Patient’s Age, Family History Offer Clues to Rare Diagnosis
A 39-year-old woman experiencing recurrent abdominal pain was referred to an endocrinologist by her primary care physician after she reported a family history of neuroendocrine tumors. The patient’s father had undergone surgery to remove neuroendocrine tumors, so the patient was aware of a potential genetic condition.
Laboratory tests revealed elevated calcium and parathyroid hormone levels. She was immediately referred to Julie Ann Sosa, MD, chief of endocrine surgery and leader of the Endocrine Neoplasia Diseases Group at the Duke Cancer Institute and the Duke Clinical Research Institute.
Questions: What actions did Sosa and her team take to reach a diagnosis? What treatment strategies were recommended?
Answers: After further tests and a detailed review of the patient’s family history, Sosa diagnosed her with multiple endocrine neoplasia type 1 (MEN 1; also known as Wermer syndrome) with evidence of primary hyperparathyroidism and metastatic pancreatic neuroendocrine tumors. She recommended prompt surgery to remove the pancreatic tumors before beginning treatment of primary hyperparathyroidism, which was caused by the MEN1 mutation.

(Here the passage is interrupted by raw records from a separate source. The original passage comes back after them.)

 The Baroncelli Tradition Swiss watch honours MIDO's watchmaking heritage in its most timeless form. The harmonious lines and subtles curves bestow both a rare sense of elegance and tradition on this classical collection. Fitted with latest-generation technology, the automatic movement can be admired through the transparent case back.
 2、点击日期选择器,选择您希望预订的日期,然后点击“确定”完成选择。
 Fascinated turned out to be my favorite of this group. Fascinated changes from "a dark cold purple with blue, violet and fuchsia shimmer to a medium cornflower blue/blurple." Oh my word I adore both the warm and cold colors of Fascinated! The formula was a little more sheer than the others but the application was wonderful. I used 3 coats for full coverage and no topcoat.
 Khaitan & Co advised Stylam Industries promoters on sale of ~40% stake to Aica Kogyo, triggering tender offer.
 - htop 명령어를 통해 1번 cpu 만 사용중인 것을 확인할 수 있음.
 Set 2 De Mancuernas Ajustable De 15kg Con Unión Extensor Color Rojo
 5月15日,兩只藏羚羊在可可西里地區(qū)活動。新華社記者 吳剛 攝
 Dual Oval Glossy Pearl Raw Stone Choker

“This was an exceptionally rare and complicated case,” Sosa says. “It’s essential that endocrinologists are aware of the potential course of this disease because of the risk of progression of the pancreatic malignancy and the challenges of the unique surgical approaches required.”

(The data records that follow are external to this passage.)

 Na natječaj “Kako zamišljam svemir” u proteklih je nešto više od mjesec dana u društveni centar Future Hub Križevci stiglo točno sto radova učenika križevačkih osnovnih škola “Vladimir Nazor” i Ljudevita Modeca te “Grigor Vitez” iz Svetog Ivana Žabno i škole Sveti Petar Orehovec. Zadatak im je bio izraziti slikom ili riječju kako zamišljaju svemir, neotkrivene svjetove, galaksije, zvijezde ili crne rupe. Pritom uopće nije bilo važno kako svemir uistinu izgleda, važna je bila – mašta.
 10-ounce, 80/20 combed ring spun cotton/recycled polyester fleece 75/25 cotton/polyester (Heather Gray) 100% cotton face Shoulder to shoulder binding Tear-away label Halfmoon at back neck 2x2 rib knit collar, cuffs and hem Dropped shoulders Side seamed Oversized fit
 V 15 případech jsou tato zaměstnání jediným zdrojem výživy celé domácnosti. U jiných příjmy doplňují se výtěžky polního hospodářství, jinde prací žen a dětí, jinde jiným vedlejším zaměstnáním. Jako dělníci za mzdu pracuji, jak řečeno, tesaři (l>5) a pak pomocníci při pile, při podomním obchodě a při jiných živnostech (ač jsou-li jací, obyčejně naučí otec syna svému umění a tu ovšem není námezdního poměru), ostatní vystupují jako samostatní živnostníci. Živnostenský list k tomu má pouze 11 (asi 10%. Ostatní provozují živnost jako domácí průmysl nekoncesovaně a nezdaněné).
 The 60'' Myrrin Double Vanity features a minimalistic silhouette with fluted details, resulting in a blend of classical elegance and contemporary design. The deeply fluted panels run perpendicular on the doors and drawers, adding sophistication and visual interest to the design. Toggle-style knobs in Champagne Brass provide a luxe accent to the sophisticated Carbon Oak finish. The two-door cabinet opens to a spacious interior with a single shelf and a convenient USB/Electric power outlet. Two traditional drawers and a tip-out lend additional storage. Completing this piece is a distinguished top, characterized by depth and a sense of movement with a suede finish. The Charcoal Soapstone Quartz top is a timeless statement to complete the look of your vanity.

She continues: “The clinical lessons here come from the constellation of factors—family history, hyperparathyroidism, and a patient younger than 40 years. We’ve all read about cases like this in medical school, but few endocrinologists and surgeons actually see them frequently in clinical practice.”
Recent research has provided more specificity regarding MEN1, Sosa says. When a mutation of MEN1, which is a rare, inherited gene, is suspected, genetic testing and counseling are essential. Unfortunately, the genetic test is imperfect. MEN 1 should be suspected in patients with endocrinopathy of 2 of the 3 characteristically affected organs or with endocrinopathy of 1 of the organs plus a first-degree relative affected by the syndrome, as was the case in this patient.
Several months following Sosa’s assessment with guidelines-based screening, the patient underwent minimally invasive pancreaticoduodenectomy (also known as Whipple procedure) performed by Sabino Zani, MD, a Duke surgical oncologist. The patient fully recovered after a challenging postsurgical course.
Approximately 1 year later, Sosa removed 3.5 parathyroid glands during sub–total parathyroidectomy and transcervical thymectomy; the latter procedure was performed for a possible thymic carcinoid, which is occasionally seen in MEN 1. Tissue from a single gland was cryopreserved at the Carolinas Cord Blood Bank at Duke in the event that the patient later requires that a parathyroid gland be implanted. Duke is one of few medical centers offering cryopreservation of the parathyroid gland.
In cases where total parathyroidectomy is performed, parathyroid tissue is immediately reimplanted into a patient’s arm to preserve function, but Sosa preferred to leave a portion of a gland in the neck. If the transplanted tissue fails following full resection, the patient could require calcium and vitamin D supplements every 4 to 6 hours, and her quality of life could be compromised.
Parathyroidectomy for MEN 1 is more challenging than that typically performed for sporadic primary hyperparathyroidism, in that the underlying cause of the disease is 4-gland hyperplasia rather than parathyroid adenoma.
Typically, patients with MEN 1 initially present with primary hyperparathyroidism, oftentimes at a young age; it occurs in more than 90% of patients with the syndrome. They also can develop pancreatic neuroendocrine tumors (and sometimes of the small bowel) as well as anterior pituitary tumors (often prolactin-secreting lesions). A pituitary tumor was not identified in this patient, but Sosa did remove an ectopic parathyroid gland from within the patient’s left thyroid lobe.
“She has recovered well from both procedures but will require lifelong surveillance for potential progression of her metastatic tumors, for possible recurrence of her primary hyperparathyroidism, and for the potential development of a pituitary tumor,” Sosa says.